Кстати говоря, возможно все это из-за того, что однажды, я взялся за выпивку. Эта оплошность с алкоголем стала для меня недоразвитой. Объясняю, я приноровился к пиву, когда случился эпизод, требующий этого вмешательства. Мне надоело рулить в опыте предсказуемом – в стиле водоворота, вращающегося по своей оси, жаждал новизны, которая встречалась в текстах по философии и поэзии, но она, эта новизна, была чем-то подпорчена, так что плесень не забавляла. Мне пришлось искать новшества в абсурдности. Но это не чистая, сама по себе абсурдность, ее делает таковой контекст, он развеселая и притягательная юмористка – да, но мне было запрещено пить, поскольку я принимал лекарства для psicho. Потому такой рев, который издала эта комичная дамочка – почти проститутка – алкоголь, моя близкая подружка, с ней я не общался долгое, очень долгое время, так как это было вредно. Но она ждала меня все это время с распростертыми ладонями, не всеми руками, конечно, но все же. Ладоней достаточно, поверьте, такой большой промежуток не быть вместе… – можно соскучиться, а можно возненавидеть и прочее, прочее. Так вот, я напился до чертиков, так что даже заиграл между прядей моих огонек или даже кривой нимб. Мне пришлось быстро шевелить пальцами, чтобы зафиксировать этот свежий опыт, под пеной пива и прочими рыхлостями. Я остервенел, но не нес чепуху, только поверил, что являюсь гением. Мои наконечники ума плакали, так как свисали очень дисгармонично. Итак, я принялся писать, в таком духе, ничего не разберешь в голове, тем не менее, у меня быстро вылуплялось еще не назревшее, оно выскакивало как дельфин. Все же открытие дверей приглянулось, еще бы дамочка-алкоголь была симпатична, только потому, что много обещала.
Из этого всего можно сделать вывод, что если желание и представление совпадают и настает момент решения: 1) Прозябать в этом вечно вращающимся в одну сторону становлении или 2) Совершенно поддаться своему желанию-предположению, чтобы вычленить свою идею и воплотить ее, сделать лично-культовой фигурой.
Но когда мне назначил психиатр дополнительную таблетку, которая, как оказалось, обеспечила верховенство образов и их сочетаний в гипер-быстрый поток, который можно разъединить только если сильно напрячься. Слонявшаяся и плюющая мастика жизни кровожадно растягивалось шпагатом в очень трагичной вакханалии тянущихся ног. Она была черной. Матовая. И билось мое сердце украдкой под этим темным небосводом. Который еще можно назвать дирижером, который сделал из солнечного сплетения барабан, любые инструменты казались для дирижера рабочими, он ими пользовался.

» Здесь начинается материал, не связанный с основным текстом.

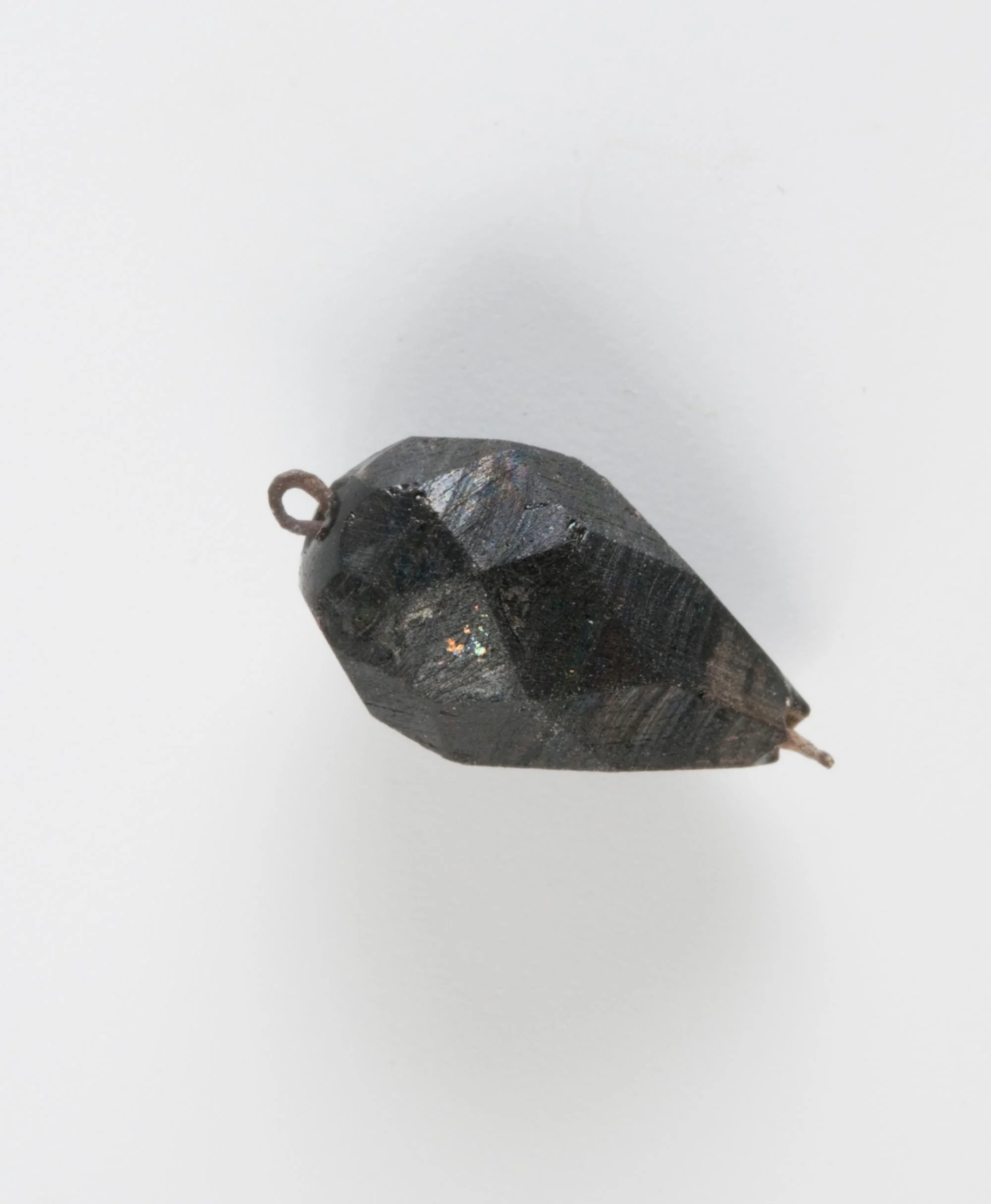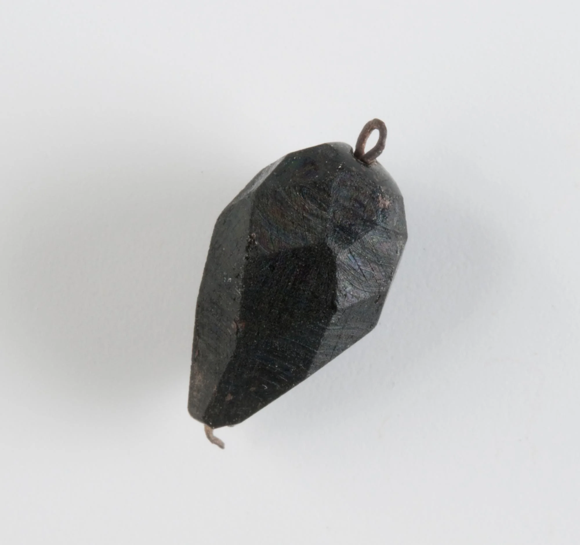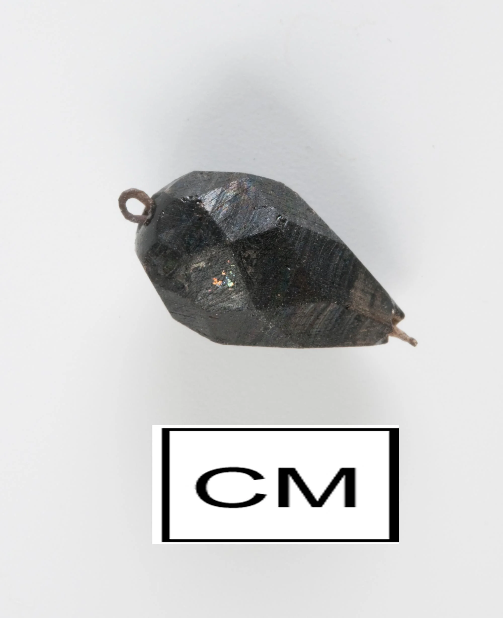 Teardrop shaped paste jewel with copper alloy wire running through the length and terminating in a loop for attachment at one end. Possible watch trinket (White 2006:437) or earring bob.

Эта беспробудное с шоколадным оттенком течение низвергло все в развалины, которые ощущались картинно. Рим не сразу строился.
Потому я попробовал не писать день, целый день, так как собирался умереть. Все способы – были сложные, потому умереть сладко можно только во сне или собственной смертью при одряхлении сердца, мозга. Но мне только двадцать лет. Я не знаю, как умереть. Кроме того, что если смерть является последствие замороженного полуфабриката чувств и состояний их палитры, то есть смерть есть застывший в вечности осадок жизни. Что если это так? И уйти из жизни не равно покою… Что если это так? Вот, что больше всего волновало.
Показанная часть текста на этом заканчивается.